#### Data extract ####

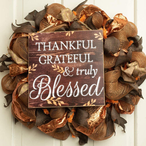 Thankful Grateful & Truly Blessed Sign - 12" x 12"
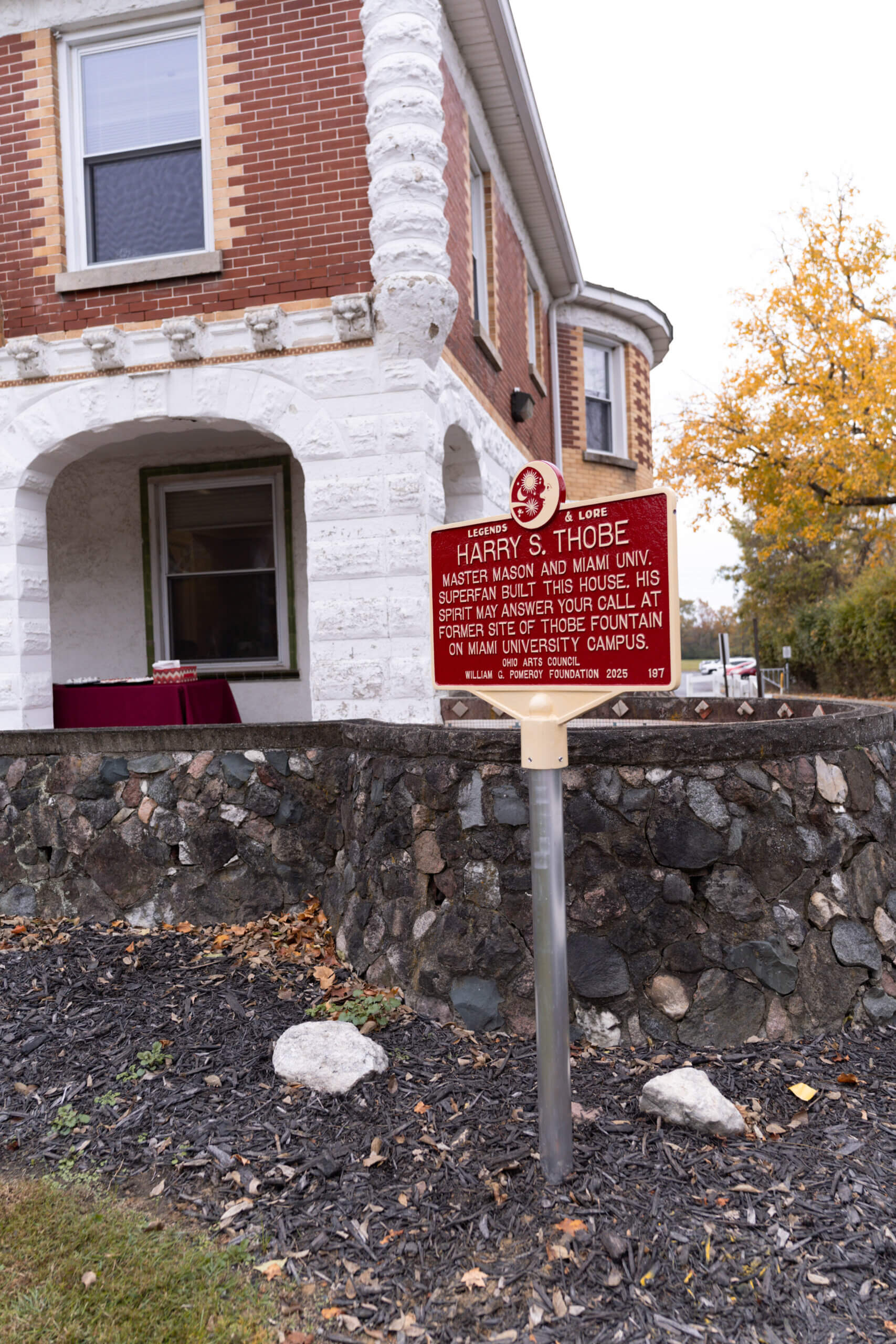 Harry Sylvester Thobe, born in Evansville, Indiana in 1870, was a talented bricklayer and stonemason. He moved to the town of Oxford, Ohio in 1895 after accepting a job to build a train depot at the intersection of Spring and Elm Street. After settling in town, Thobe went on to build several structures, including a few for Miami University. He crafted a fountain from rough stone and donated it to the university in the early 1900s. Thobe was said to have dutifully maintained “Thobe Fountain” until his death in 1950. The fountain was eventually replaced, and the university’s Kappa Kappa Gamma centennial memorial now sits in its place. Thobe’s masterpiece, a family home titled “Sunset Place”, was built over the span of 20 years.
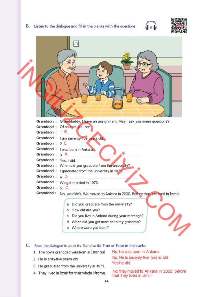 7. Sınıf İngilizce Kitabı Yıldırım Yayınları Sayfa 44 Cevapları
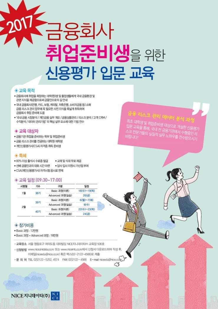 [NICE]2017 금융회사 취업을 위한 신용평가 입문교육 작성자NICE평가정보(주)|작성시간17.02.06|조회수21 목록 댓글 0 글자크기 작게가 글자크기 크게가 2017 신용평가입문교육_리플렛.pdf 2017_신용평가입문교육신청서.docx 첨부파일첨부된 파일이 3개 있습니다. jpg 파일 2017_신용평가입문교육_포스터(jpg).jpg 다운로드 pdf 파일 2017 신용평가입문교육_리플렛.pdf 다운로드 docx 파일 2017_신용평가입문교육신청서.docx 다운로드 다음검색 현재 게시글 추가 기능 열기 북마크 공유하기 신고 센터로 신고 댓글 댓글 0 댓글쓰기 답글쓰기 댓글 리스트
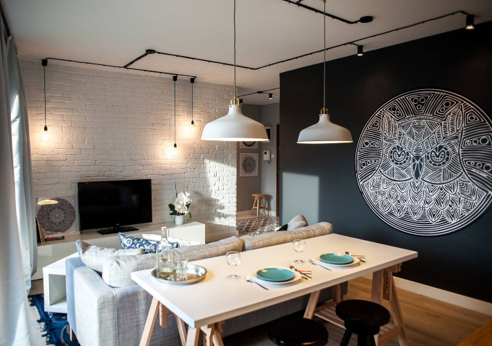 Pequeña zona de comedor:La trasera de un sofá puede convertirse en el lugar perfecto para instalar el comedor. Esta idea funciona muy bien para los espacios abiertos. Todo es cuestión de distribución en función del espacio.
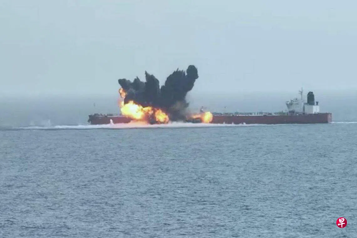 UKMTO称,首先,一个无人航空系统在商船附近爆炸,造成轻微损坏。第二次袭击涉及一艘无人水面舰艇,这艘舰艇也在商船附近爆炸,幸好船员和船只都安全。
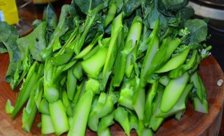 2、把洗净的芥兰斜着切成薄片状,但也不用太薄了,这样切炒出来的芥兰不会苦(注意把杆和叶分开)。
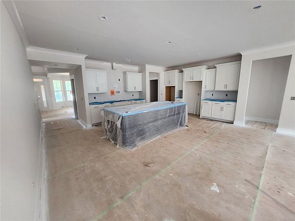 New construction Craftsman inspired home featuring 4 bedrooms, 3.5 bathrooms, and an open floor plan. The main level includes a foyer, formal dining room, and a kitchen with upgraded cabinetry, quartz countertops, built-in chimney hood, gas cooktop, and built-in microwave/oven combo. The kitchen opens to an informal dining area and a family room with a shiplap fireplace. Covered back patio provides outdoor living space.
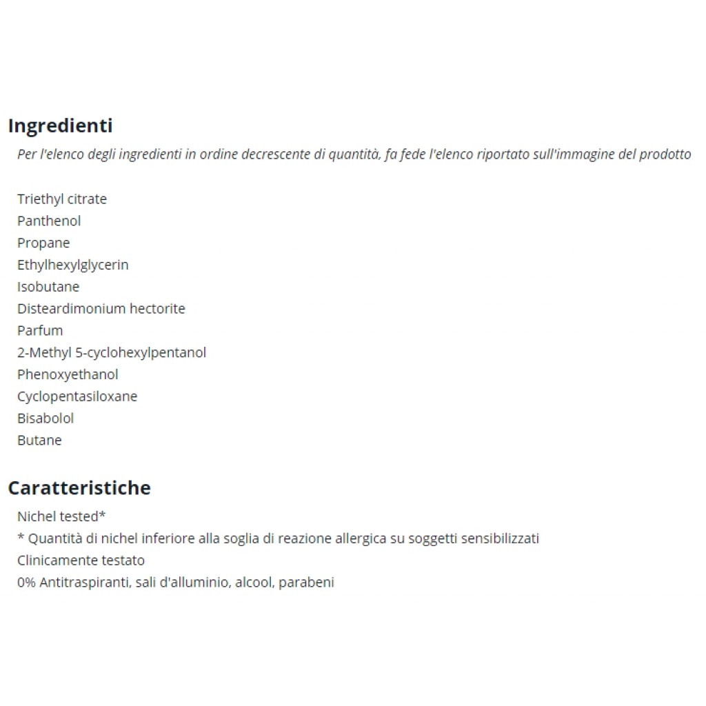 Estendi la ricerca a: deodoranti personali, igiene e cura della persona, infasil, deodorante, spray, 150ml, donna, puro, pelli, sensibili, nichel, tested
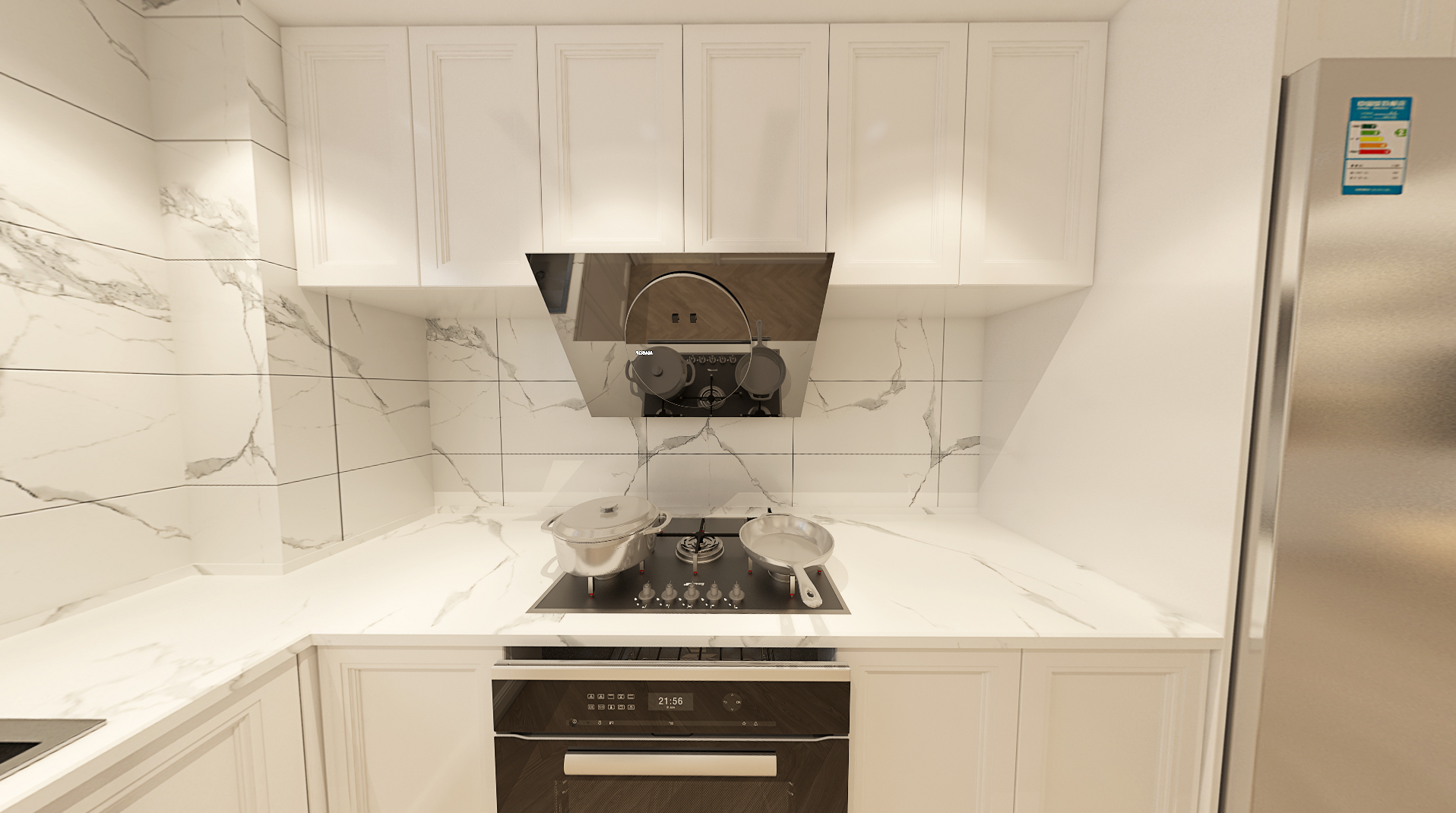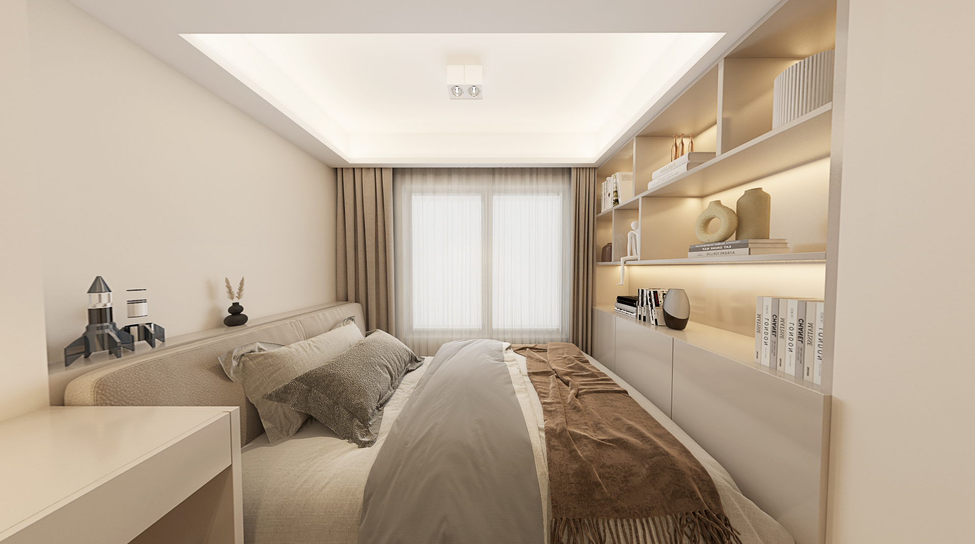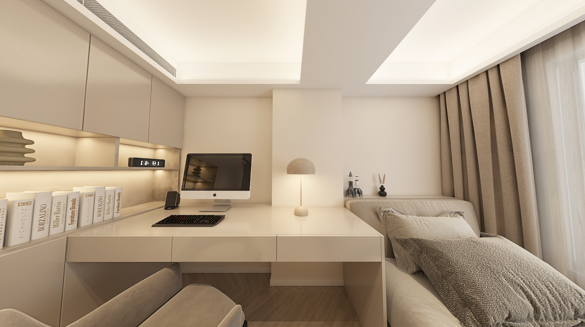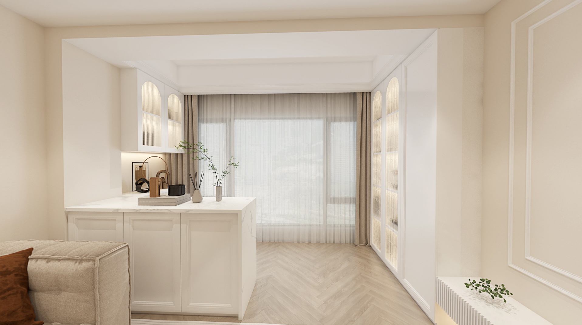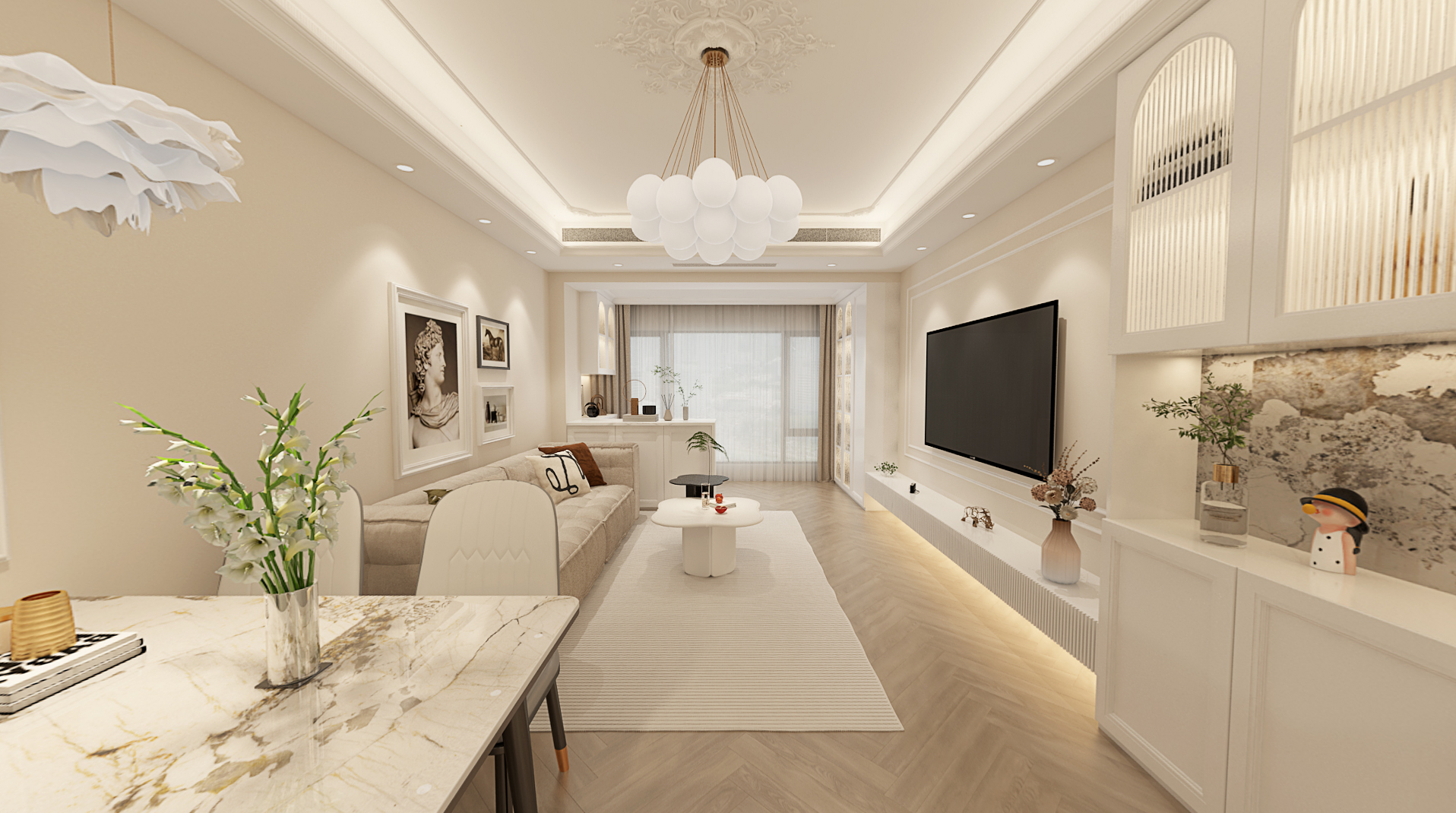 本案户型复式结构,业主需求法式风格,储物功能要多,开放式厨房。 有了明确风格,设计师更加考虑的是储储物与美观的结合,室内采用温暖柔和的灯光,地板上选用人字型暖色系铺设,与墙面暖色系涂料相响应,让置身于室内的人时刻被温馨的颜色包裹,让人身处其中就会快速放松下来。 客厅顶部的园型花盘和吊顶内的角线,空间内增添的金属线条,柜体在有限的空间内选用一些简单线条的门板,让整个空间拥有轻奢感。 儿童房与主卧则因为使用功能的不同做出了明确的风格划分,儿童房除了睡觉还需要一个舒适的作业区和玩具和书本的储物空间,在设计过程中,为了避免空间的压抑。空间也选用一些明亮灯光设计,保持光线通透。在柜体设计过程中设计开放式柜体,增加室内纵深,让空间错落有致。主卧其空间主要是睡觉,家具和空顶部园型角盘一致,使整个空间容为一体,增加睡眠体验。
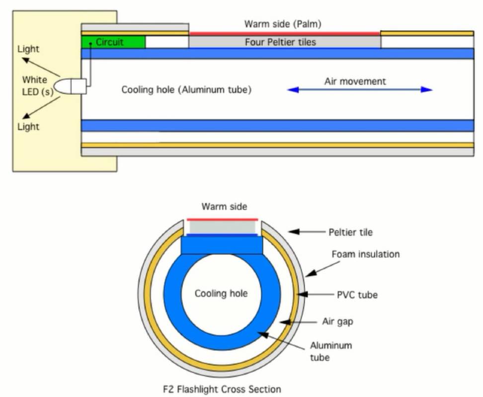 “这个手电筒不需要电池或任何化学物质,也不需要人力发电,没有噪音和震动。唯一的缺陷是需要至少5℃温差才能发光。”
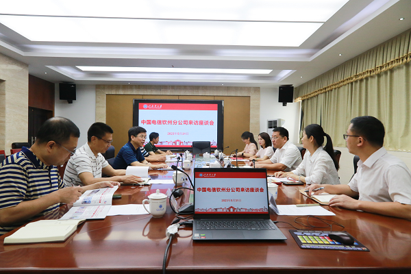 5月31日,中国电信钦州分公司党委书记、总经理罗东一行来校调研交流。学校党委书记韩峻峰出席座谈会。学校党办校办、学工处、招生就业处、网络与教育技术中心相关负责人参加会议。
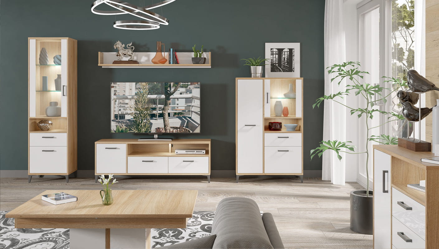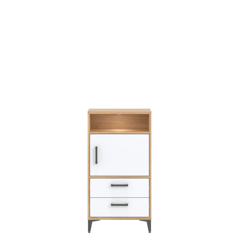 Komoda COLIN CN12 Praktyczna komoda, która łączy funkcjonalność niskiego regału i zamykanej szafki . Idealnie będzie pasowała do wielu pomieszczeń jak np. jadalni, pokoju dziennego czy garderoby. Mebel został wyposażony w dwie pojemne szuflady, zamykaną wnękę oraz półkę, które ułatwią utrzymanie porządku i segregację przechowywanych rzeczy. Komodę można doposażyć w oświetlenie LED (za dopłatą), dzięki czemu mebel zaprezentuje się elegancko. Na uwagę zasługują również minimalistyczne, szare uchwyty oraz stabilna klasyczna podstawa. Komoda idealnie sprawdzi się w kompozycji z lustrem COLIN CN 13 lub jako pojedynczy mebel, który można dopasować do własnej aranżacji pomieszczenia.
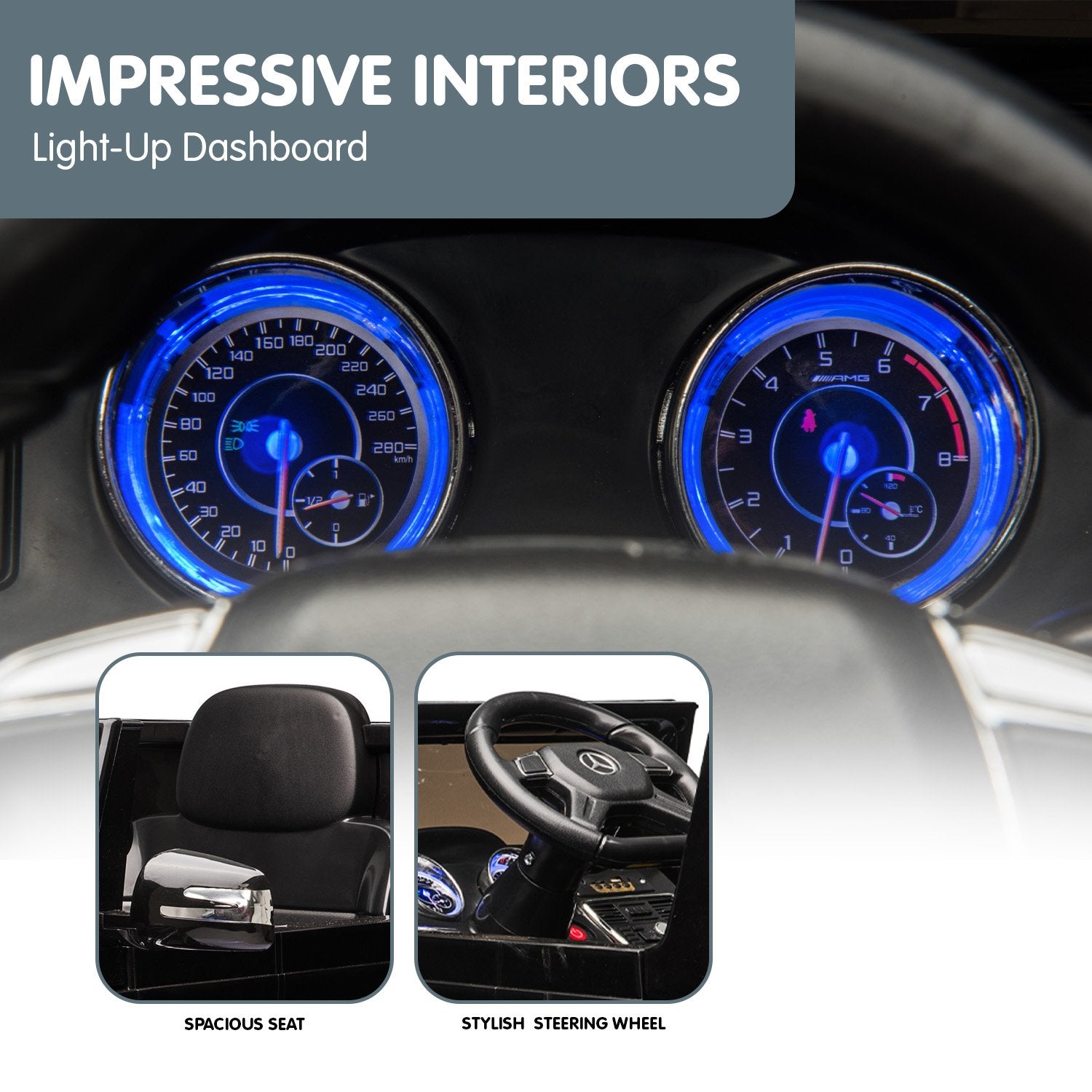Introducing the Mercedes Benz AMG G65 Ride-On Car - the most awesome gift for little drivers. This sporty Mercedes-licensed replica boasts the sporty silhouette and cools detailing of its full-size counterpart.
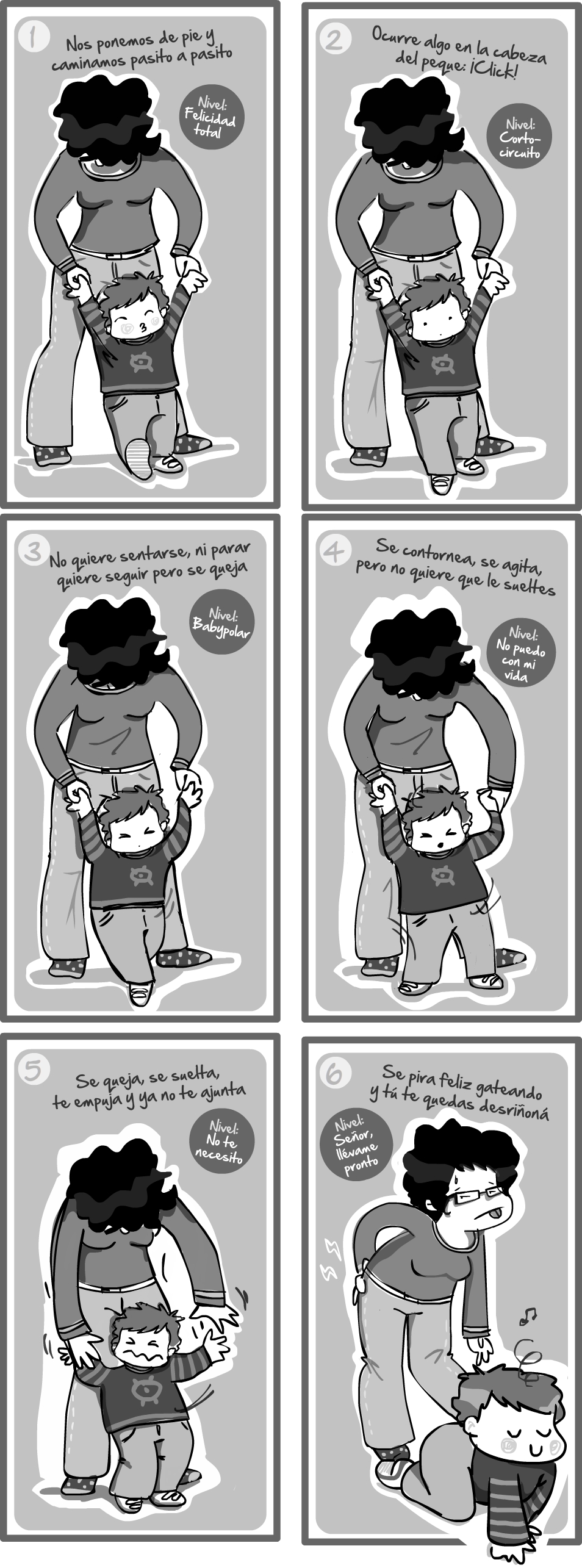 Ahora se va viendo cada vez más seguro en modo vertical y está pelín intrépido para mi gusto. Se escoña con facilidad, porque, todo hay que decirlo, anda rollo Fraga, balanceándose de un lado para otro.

####

Say again, word for word, the lines beginning at the top of the data and ending with the line that has "2、把洗净的芥兰斜着切成薄片". Skip the pictures.

 Thankful Grateful & Truly Blessed Sign - 12" x 12"
 Harry Sylvester Thobe, born in Evansville, Indiana in 1870, was a talented bricklayer and stonemason. He moved to the town of Oxford, Ohio in 1895 after accepting a job to build a train depot at the intersection of Spring and Elm Street. After settling in town, Thobe went on to build several structures, including a few for Miami University. He crafted a fountain from rough stone and donated it to the university in the early 1900s. Thobe was said to have dutifully maintained “Thobe Fountain” until his death in 1950. The fountain was eventually replaced, and the university’s Kappa Kappa Gamma centennial memorial now sits in its place. Thobe’s masterpiece, a family home titled “Sunset Place”, was built over the span of 20 years.
 7. Sınıf İngilizce Kitabı Yıldırım Yayınları Sayfa 44 Cevapları
 [NICE]2017 금융회사 취업을 위한 신용평가 입문교육 작성자NICE평가정보(주)|작성시간17.02.06|조회수21 목록 댓글 0 글자크기 작게가 글자크기 크게가 2017 신용평가입문교육_리플렛.pdf 2017_신용평가입문교육신청서.docx 첨부파일첨부된 파일이 3개 있습니다. jpg 파일 2017_신용평가입문교육_포스터(jpg).jpg 다운로드 pdf 파일 2017 신용평가입문교육_리플렛.pdf 다운로드 docx 파일 2017_신용평가입문교육신청서.docx 다운로드 다음검색 현재 게시글 추가 기능 열기 북마크 공유하기 신고 센터로 신고 댓글 댓글 0 댓글쓰기 답글쓰기 댓글 리스트
 Pequeña zona de comedor:La trasera de un sofá puede convertirse en el lugar perfecto para instalar el comedor. Esta idea funciona muy bien para los espacios abiertos. Todo es cuestión de distribución en función del espacio.
 UKMTO称,首先,一个无人航空系统在商船附近爆炸,造成轻微损坏。第二次袭击涉及一艘无人水面舰艇,这艘舰艇也在商船附近爆炸,幸好船员和船只都安全。
 2、把洗净的芥兰斜着切成薄片状,但也不用太薄了,这样切炒出来的芥兰不会苦(注意把杆和叶分开)。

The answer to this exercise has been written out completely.